Tool File TP_base TP_comp FP FN Precision Recall F1
test14 test14.SEQC2.cnvkit.summary.json 26 26 84 1058 0.23636363636363603 0.023985239852398 0.043551088777219006

Witty.er

Tool File StatsType TP_base TP_comp FP FN Precision Recall F1
test14 test14.SEQC2.cnvkit.json Event 0 0 169 0 0.0
test14 test14.SEQC2.cnvkit.json Base 0 0 893824341 0 0.0

Intersect

Tool File TP_base TP_comp FN FP Precision Recall F1
test13 test13.SEQC2.controlfreec_stats.csv 123 108 537 331 0.2460136674259681 0.1863636363636363 0.2120740439186762
test14 test14.SEQC2.cnvkit_stats.csv 144 128 516 246 0.3422459893048128 0.2181818181818181 0.2664816099930603
test14 test14.SEQC2.cnvkit.converted_stats.csv 116 107 544 192 0.3578595317725752 0.1757575757575757 0.2357365342247208
test15 test15.SEQC2.ascat_stats.csv 92 81 568 77 0.5126582278481012 0.1393939393939394 0.21918936408024

Only CNVkit was reporting the variants in VCF format that is why truvari and wittyer was running only that test sample. Wittyer was not proprely running as variants are not sequence resolved. We also have two type of results for CNVkit for intersection analysis. *_converted one show the result from the VCF input being converted to BED for ntersection analysis while the other result is using input BED file directly.

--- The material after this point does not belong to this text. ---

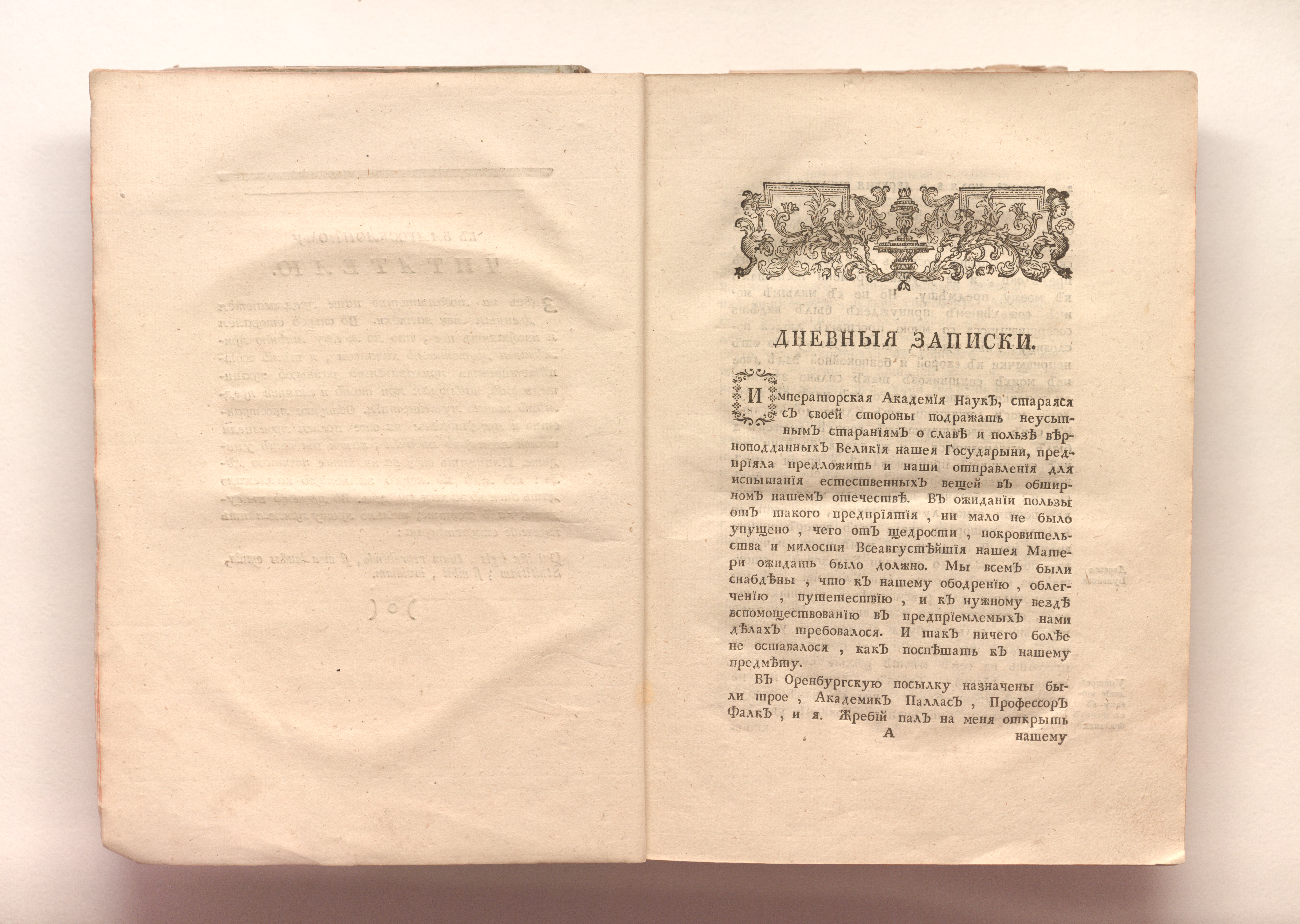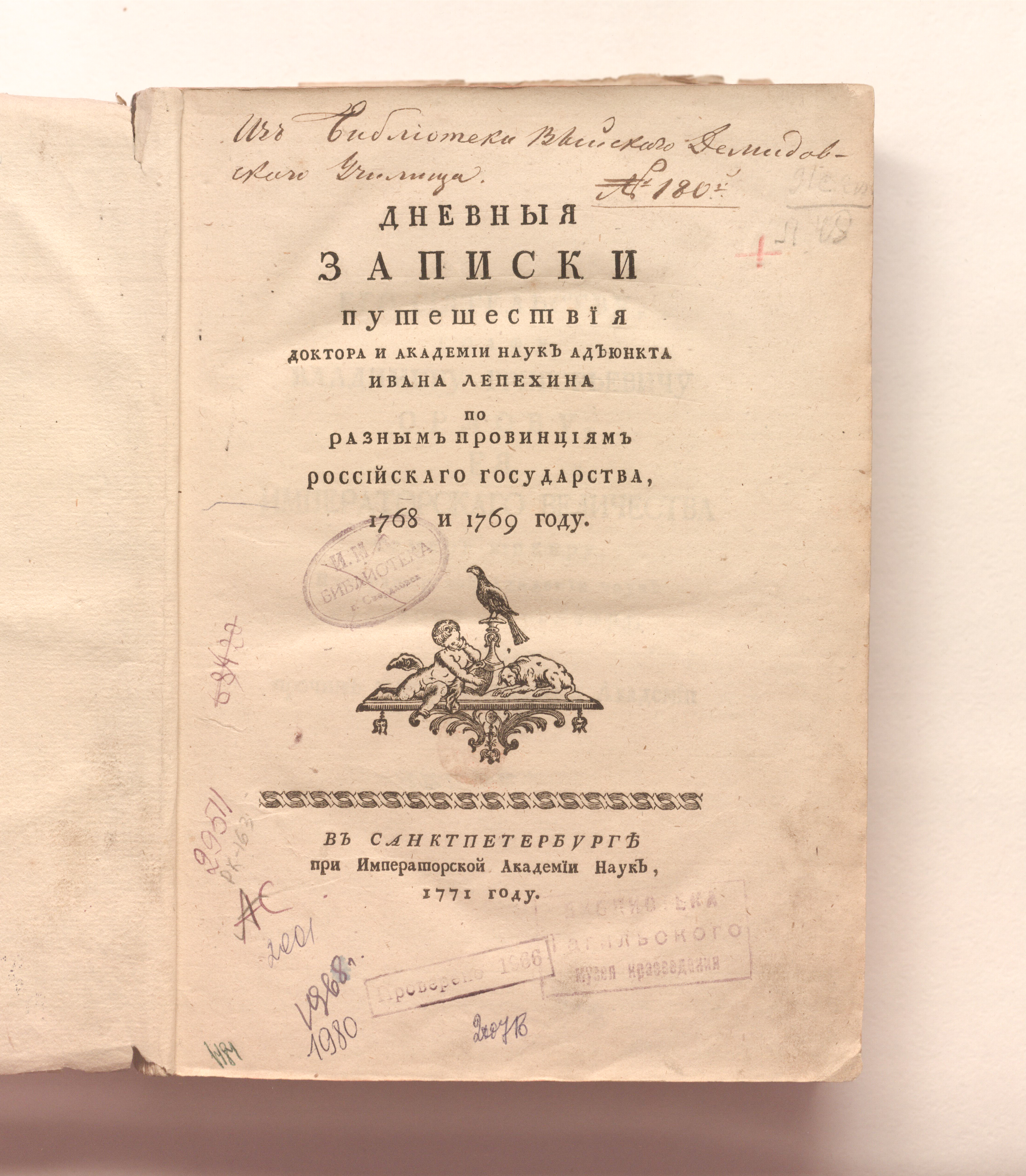 Лепехин, Иван Иванович (1740-1802). Дневныя записки путешествия доктора и Академии наук адъюнкта Ивана Лепехина по разным провинциям Российского государства, 1768 и 1769 году / И. И. Лепехин. – Санкт-Петербург : Императорская Академия Наук, 1771. – [4], 537, [3] : 4 л. ил. ; 25,5х19 см.
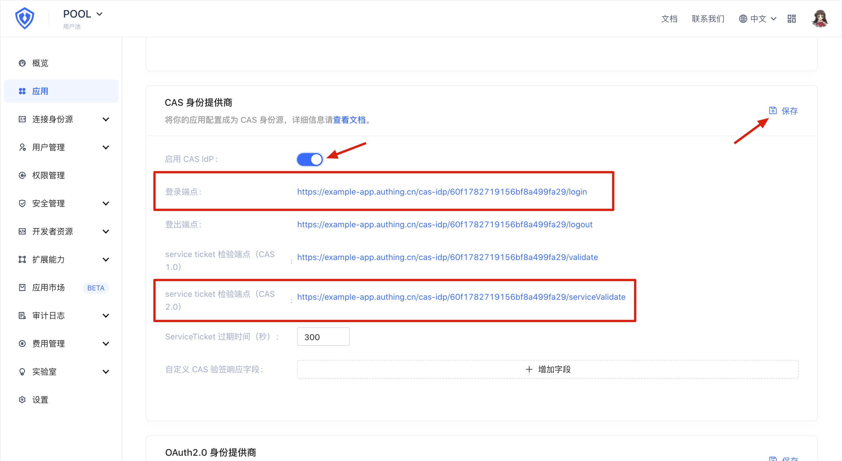 In the "Application Configuration" tab, find the "CAS Identity Provider" panel, turn on the "Enable CAS IdP" switch, and click the "Save" button. Record the contents of the "Login endpoint" and "Service ticket verification endpoint (CAS 2.0)", which will be used in the subsequent configuration.

Case 12 : Concordance analysis

Config file

Analysis

Analysis

  • Now we are using two HG002 variant calls from germline variant calling analysis to perform concordance analysis. In order to do concordance comparison, we dont need to provide truth VCF! as we are comparing test VCFs with each other.
  • Chromosome 21 is extracted both from the test and truth cases.
  • We normalize, split multiallelics and deduplicate variants to preprocess the variants

Results

GATK4 Concordance

Tool File Type TP FP FN Precision Recall F1
test6-test7 test6-test7.summary.tsv SNP 52696 288 20581 0.719 0.995 0.83477
test6-test7 test6-test7.summary.tsv INDEL 12132 1933 1933 0.814 0.863 0.83778

Concordance statistics are based on tool comparisons, the pairs are generated randomly for each run therefore the order of the comparison may change. Here, test6 is considered as BASE whole test7 is being considered as COMP set. Therefore, be aware that FP, FN and Precisison and Recall may switch.

Note

As a final note, it is highly encouraged to run all those test and investigate comparisons, plots and tables created. This pipeline serves for multiple tools enabling efficient benchmark analysis.